ECS Group’s Thominet believes that the each and every member of the supply chain has to play a proactive part in accepting change. “Our industry has been a bit late or slow regarding the necessity of changes today, and thus our core-business is now definitely embracing disruption. This radical change involves all the actors of the supply chain, and as an intermediary, we as GSSA, has a real role to play. We have to. The airlines have accomplished important revolution on the passenger side to provide innovative technology and embrace new business opportunities; the cargo industry will for sure do the same, and the new requirements of service that e-commerce or pharma is requesting, will create the need to achieve the implementation of new technologies.”

“I miss a burning platform and/or a shared idea that is felt by all stakeholders in the same way so that we can execute ideas. At Schiphol, we experience this regularly. For example, the compliance checker we developed: some parties such as AF/KLM and Swissport really appreciate this automated Customs compliance check, but others do not, and they will pursue other priorities, very often their pressing daily business,” said Stekelenburg.

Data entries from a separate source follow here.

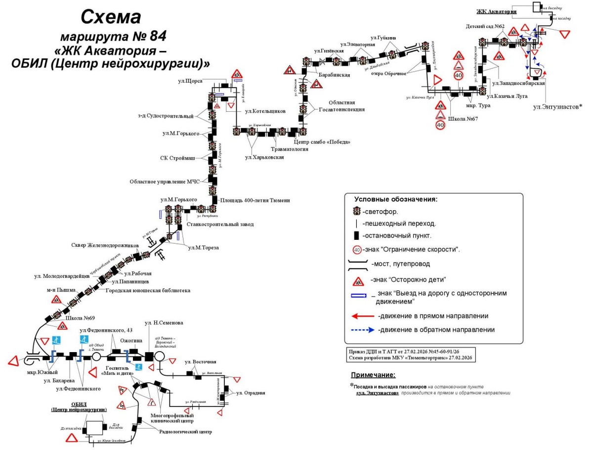 С 7 марта изменится схема движения маршрута регулярных перевозок № 84 «ЖК «Акватория» – ОБИЛ (Центр нейрохирургии)». В схему движения включается улица Раздольная в прямом и обратном направлениях. В схему включаются остановочные пункты «ул. Отрадная» в прямом и обратном направлениях. Из схемы движения исключаются улицы Звездная, Московская в прямом и обратном направлениях. Расписание для пассажиров общественного транспорта доступно в разделе «Расписание» на сайте tgt72.ru, в мобильном приложении «Тюменский транспорт», по бесплатному номеру телефона информационно-справочной службы 8-800-250-0722. МКУ «Тюменьгортранс»
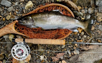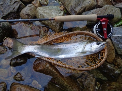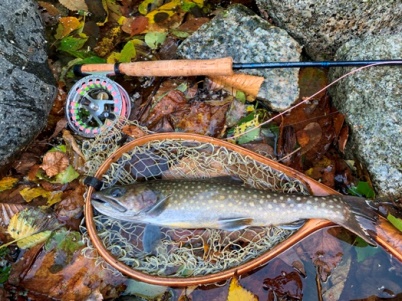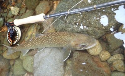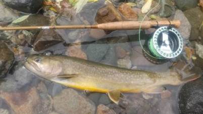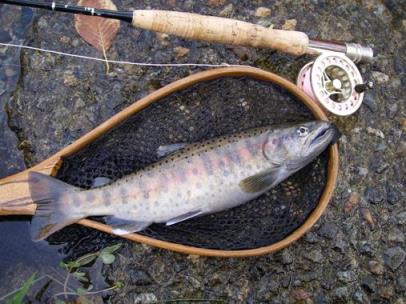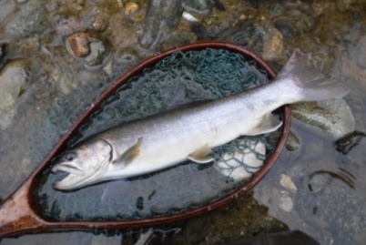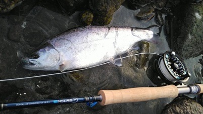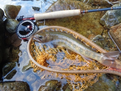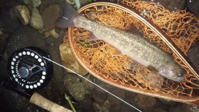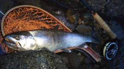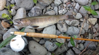 | フィッシャー:福田様 日時:04/10 魚種とサイズ:イワナ35cm 場所;庄川 ヒット フライ:#11マイスターレッド 店主コメント:この季節にしてはとてもいいサイズですね。 おめでとう! |
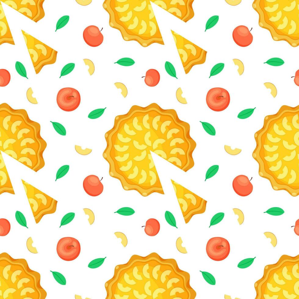 Seamless pattern with homemade apple pie, apples and slices apple. Dessert ready to eat. Concept of National pie day or Thanksgiving day for web, menu, wrapping, textile, background, fabric, wallpaper Pro Vector

Fraport's Schusdziara feels that a common standard needs to be developed for the proper exchange of information. “The industry is rather reluctant to change. We are talking about change and speeding up things but so far not much has happened. Just look at the development of the e-AWB penetration rate to see how difficult it is to adopt new ways of doing things. The industry is not really ready yet to cooperate, to push forward innovations. But to be successful as a transport mode, everyone has to be willing to exchange information, has to agree on common standards. We have to develop an ecosystem where every company works only for itself to an ecosystem where we all join forces. Our Air Cargo Community Frankfurt is a perfect example of how we should work together in future,” he said.

Picking up from peers
Online travel and accommodation portals have transformed how people book their trips and stay. Some of the biggest disruptors to the travel industry have of course been Airbnb, Skyscanner, Google Trips and Expedia, enabling more transparent, personalised and end-to-end travel experiences through open API platforms on which they build and deliver new products and services.

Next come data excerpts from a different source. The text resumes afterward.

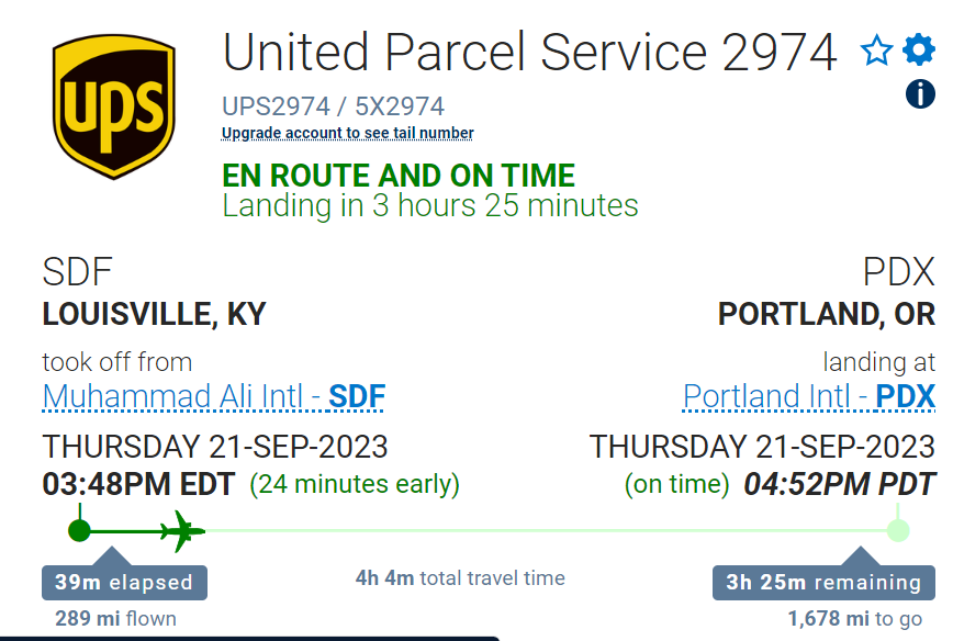 Could they have hopped on a truck? It is only a 6 or 7 hour drive from Atlanta to Louisville, right?I don’t get it. UPS says my iPhone is in the air. But the flight tracker doesn’t have any UPS flights coming to Atlanta. Could they have put it on a Delta?
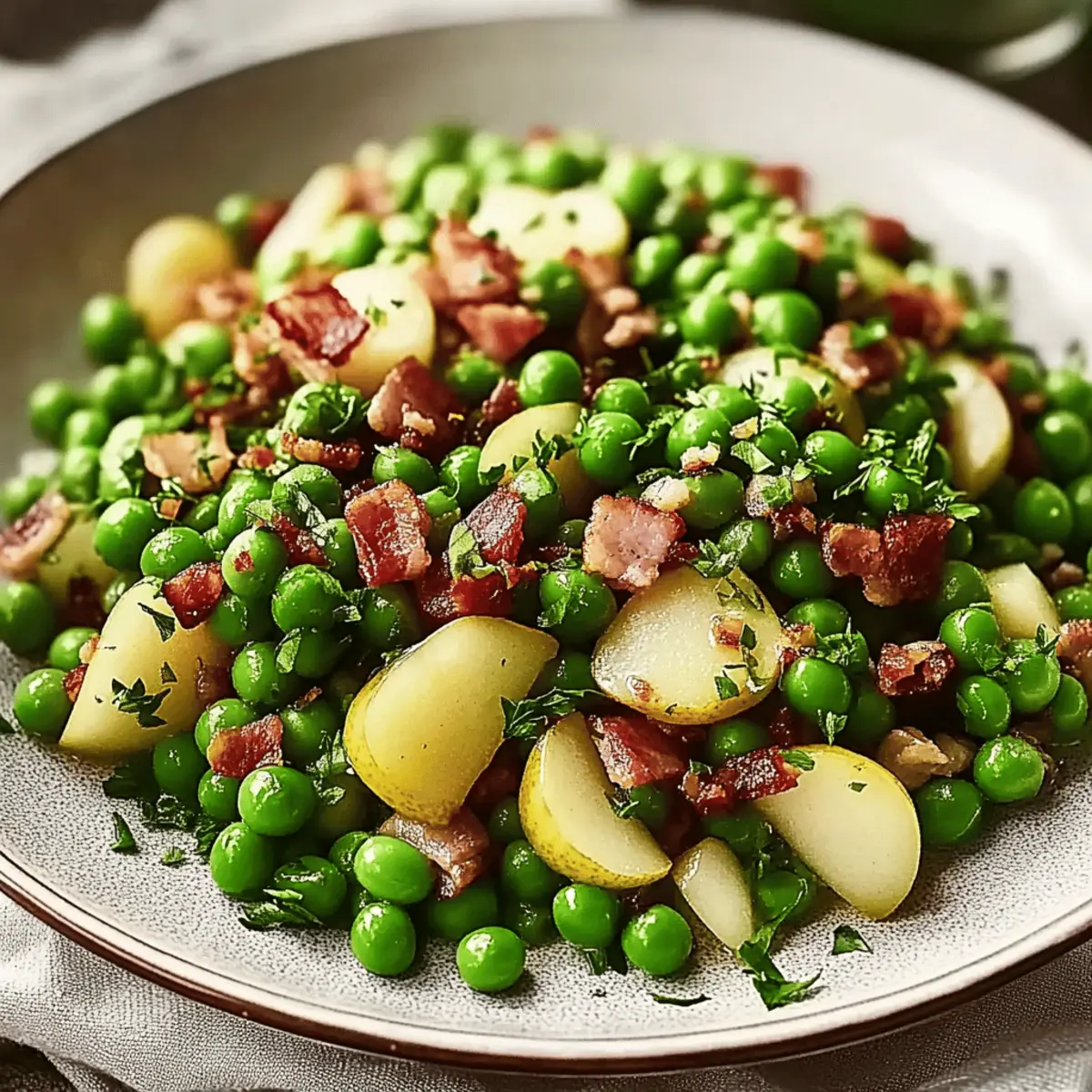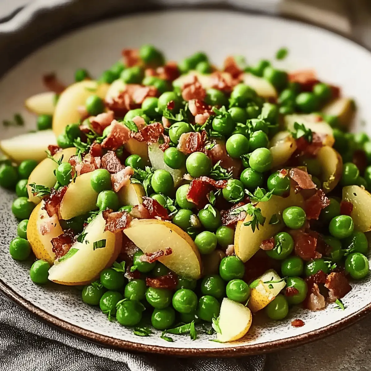As my family and I gathered around the table during the holidays, a delightful aroma wafted through the kitchen, signaling the arrival of my favorite festive dish: Thanksgiving Peas with Pear and Pancetta. The combination of sweet, juicy pears, tender peas, and crispy pancetta—with just a hint of tangy Dijon mustard—creates a warm embrace of flavors that complements any holiday feast. What I love the most about this vibrant side dish is its easy preparation and crowd-pleasing appeal, making it a go-to for gatherings. Whether you're celebrating Thanksgiving or simply looking to impress guests, this recipe brings elegance without all the fuss. Are you ready to elevate your holiday table with this delicious twist?
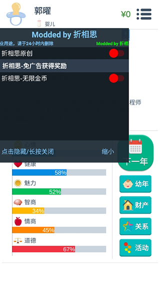 1、一款轻度模拟人生的休闲游戏,从婴儿到死亡的全部过程,你的选择将决定你的未来
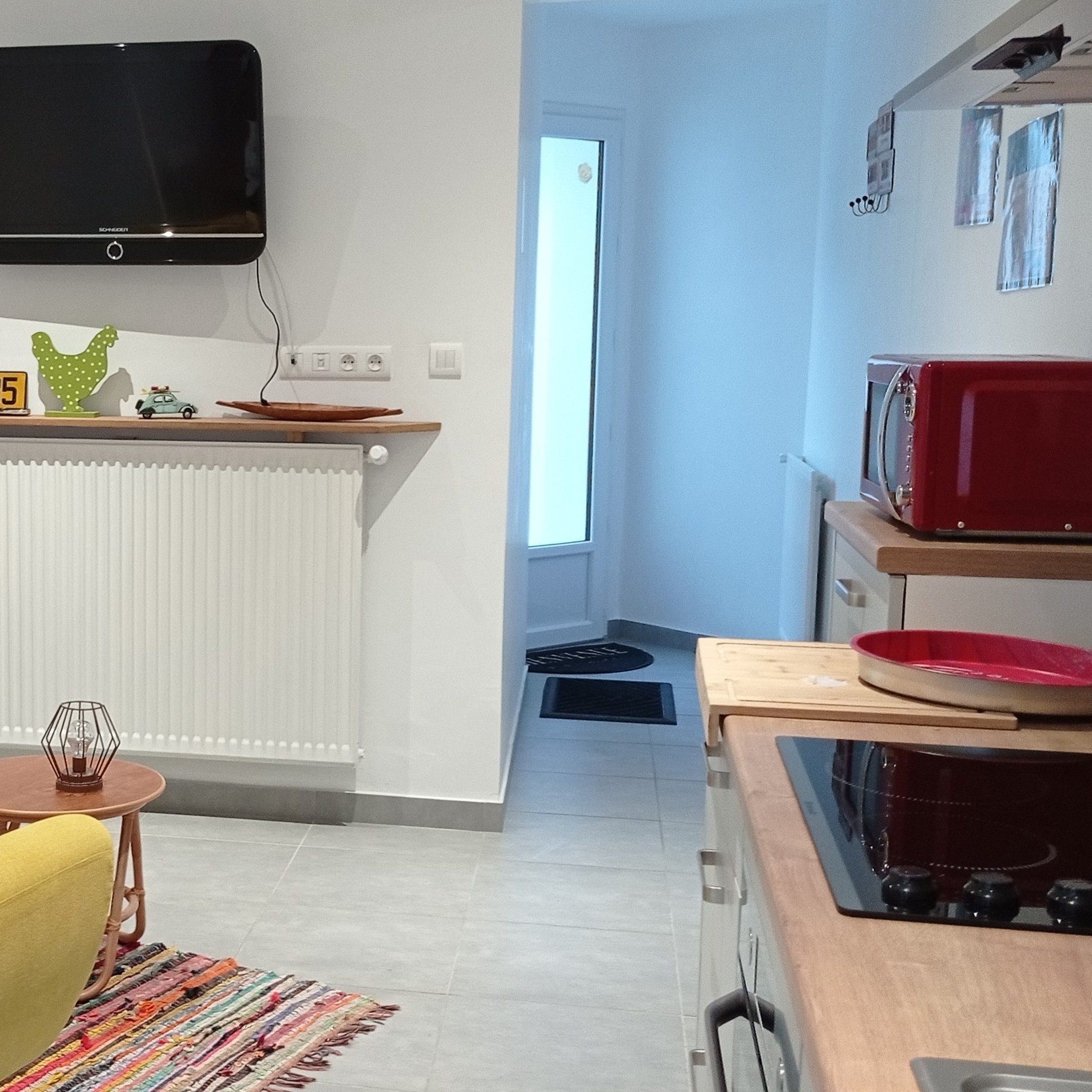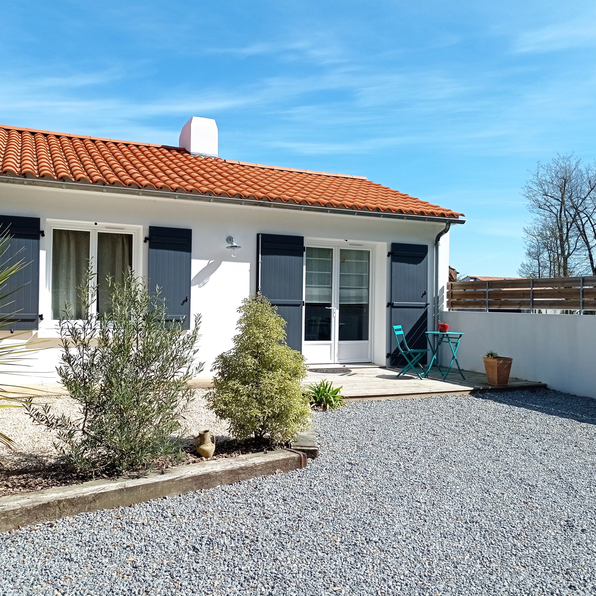 Sur la partie droite de la maison, le gîte de 50 m² accueille 4 personnes. La pièce principale de 20 m² regroupe la cuisine séjour et le coin salon , jeux et livres sont à la disposition des enfants. Dans un décor cocooning, vous retrouverez tout le confort avec des équipements neufs. A l’arrière de la maison, profitez de votre jardin privé, table de jardin, transats et barbecue. Egalement jeux extérieurs pour les jeunes enfants : toboggan draisienne ,bac à sable etc…

How can we apply these learnings to air cargo management? Mercator’s McKittrick explains, “The goal must be to meet customers’ expectations, which have been transformed by digital technology. That’s precisely why cargo carriers need an ecosystem approach to the supply chain which creates standardisation and enables collaboration by sharing data and information seamlessly and securely across a network of air cargo stakeholders. Higher customer satisfaction, driven by the improved service and faster delivery times that digitisation delivers, is itself a driver of profit.”

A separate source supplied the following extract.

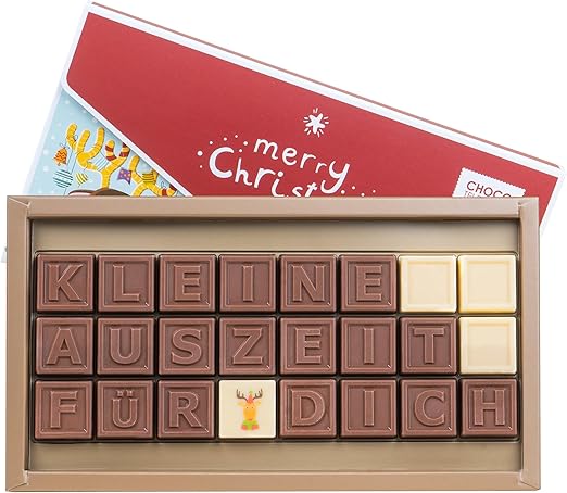 Описание товара: Рождественское послание, составленное из 24 белых и цельномолочных шоколадных камешков в рождественской коробке в форме конверта. Камешки украшены буквами и изображением оленя, которые вместе создают милое послание. Идеальный подарок для семьи, друзей или на Рождество. Вес нетто: 228 г. Размеры упаковки: примерно 26 x 15 x 2 см. Этот продукт не содержит алкоголя. Бесплатная доставка по Германии при заказе на сумму более 40 евро.

Digital disruption is unavoidable, and carriers need to react not only to ensure profitability but to get ahead of threats posed by non-traditional market entrants. We’ve seen the likes of Amazon and Alibaba disrupt the industry by playing by a different set of rules. While many carriers understand the value of speed and agility, the newcomers are built to change the model for how value is created significantly. Digitalisation is no longer a choice but an imperative.